In recent years the area has become a glorious ethnic hodgepodge with the Arab population increasingly dominant. Wander in on a Sunday afternoon to check out the unlicensed market and the good-natured game of tag between the marketing miscreants and any one of Barcelona’s three different police forces. Or enjoy the bizarre spectacle of 37 traditionally dressed Arabs playing improvised volleyball amid the sirens and the catcalls.
But hurry while it’s still there! A combination of a central location, cheap property prices and abandoned lots have those pesky developers sniffing round and it may not be long before radical chic Raval becomes as overpriced and over-hyped as its more fashionable guide book neighbours.
A Brief History
Tucked between the Spanish central plain and the south of France, with Andorra for a pillow, Catalonia is the wealthiest and most powerful autonomous region in the Iberian Peninsula.
But it wasn’t always thus for the province and it dominant capital, Barcelona. After declaring itself independent of the Frankish empire in the 11th century, Catalonian monarchs arranged a political marriage with the neighbouring kings of Aragón, and Barcelona became the metropolis for an empire that stretched across the Mediterranean, kicking off what became known as the Catalan golden age. And that’s when it all started to go terribly wrong.
War and Black Death
A serious bout of Black Death decimated the city in the 1300s and the region had barely recovered when the Kings of Aragón had the temerity to switch political horses, cozying up to their other regional neighbour Castilla, leaving Catalonia firmly out in the cold.
Colonial cutthroat Christopher Columbus, blundering into the Americas, delivered the next near fatal blow, drawing trade from the Mediterranean to the Pacific, almost bankrupting Barcelona in the process. Just when they thought things couldn’t get any worse, France pilfered another chunk of Catalonia in the continent wide 30 Years War (1618-48, although the war between France and Spain didn’t end until 1657). Barcelona then proceeded to back the wrong nag in the Spanish War of Succession (1700-1714). The eventual victor, the Bourbon king Felipe, duly took his revenge, abolishing regional autonomy and banning the writing and teaching of Catalan.
Anarchist and Fascist
The province and its capital finally caught a break in the 19th century when a ban was lifted on its trade with the Americas and Greater Barcelona launched one of the earliest industrial revolutions in Europe.

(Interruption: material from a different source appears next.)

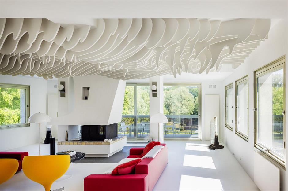 The ceiling in the living room is like a sculpture in itself, adding to the feeling of being somewhere in the future.
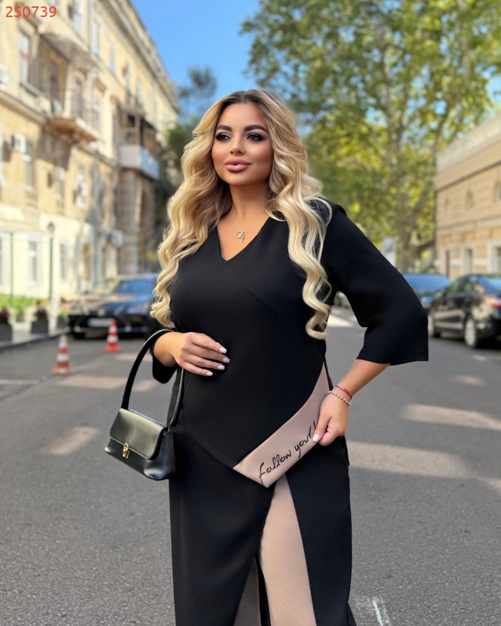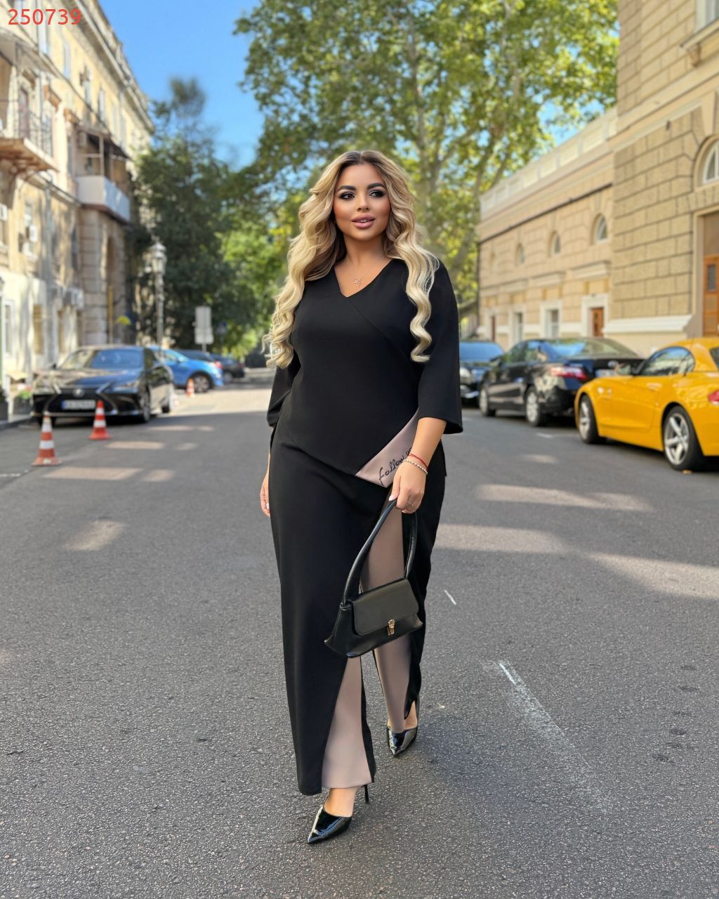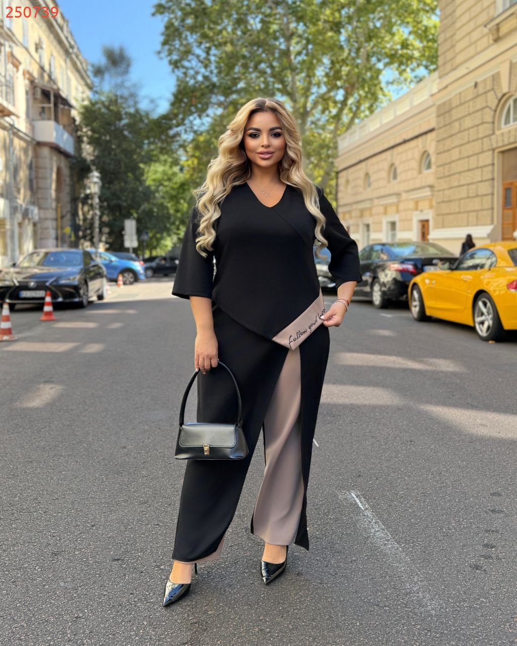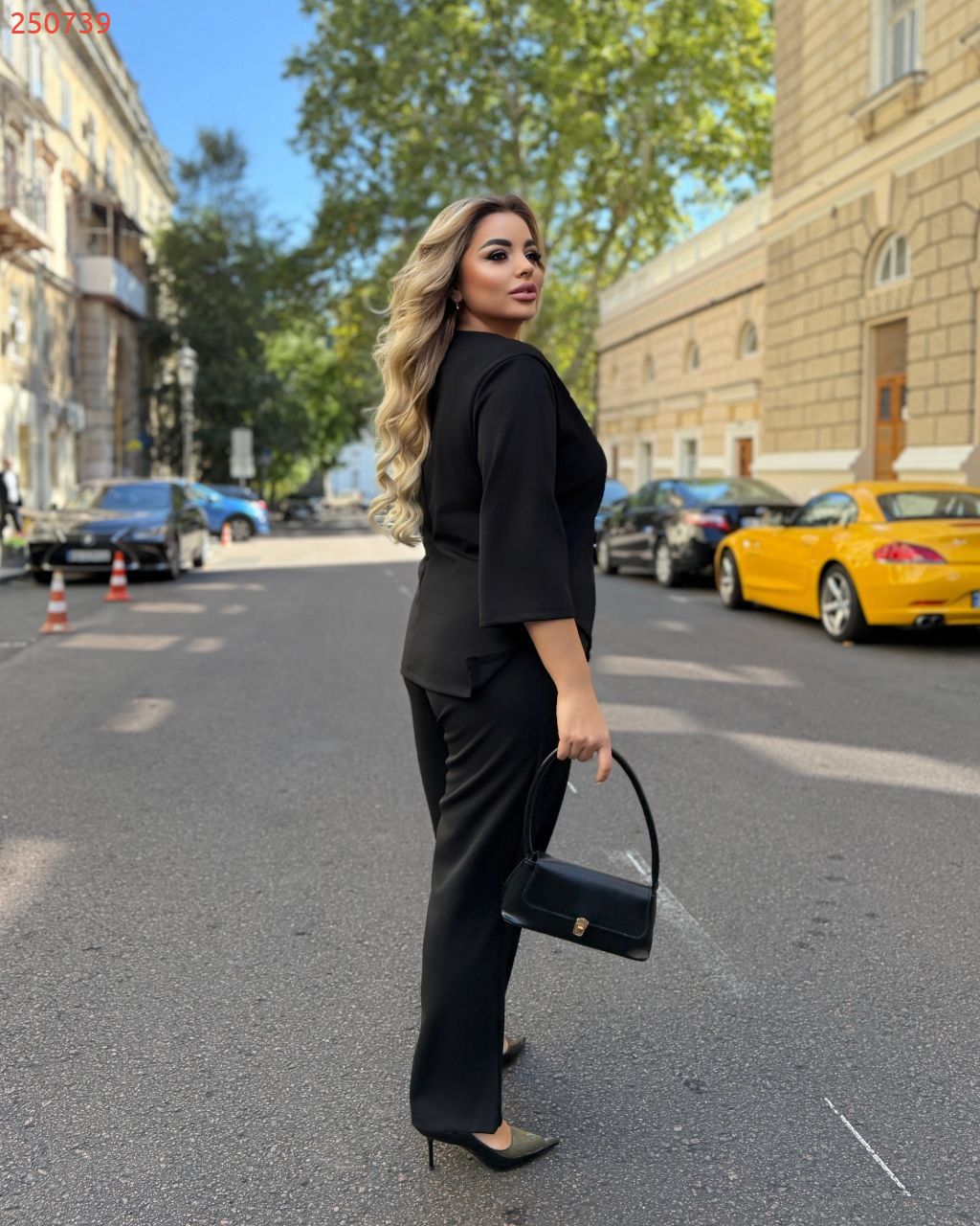 Стильний костюм двійка, тканина тягнеться. Блуза з імітацією запаху та асіметричним низом, прикрашена яскравою планкою.

Barcelona grew rapidly, was forced to demolish its medieval walls in the 1850s and had doubled in size by the1920s.
This decade saw a resurgence of a phenomenon almost unique to Barcelona in the 20th century, anarchism, in the form of the radical trade union the C.N.T. After a wave of successful strikes, employers hired assassins to eliminate hundreds of union leaders.
Civil war and the Franco dictatorship returned Barcelona to smothering isolation, with Catalan and even the notion of Catalonia ruthlessly repressed.
The death of Franco in1975 and the reestablishment of regional government in the seventies finally reintroduced Barcelona to the world and it quickly set about establishing itself as the cultural and tourist capital of Mediterranean Europe.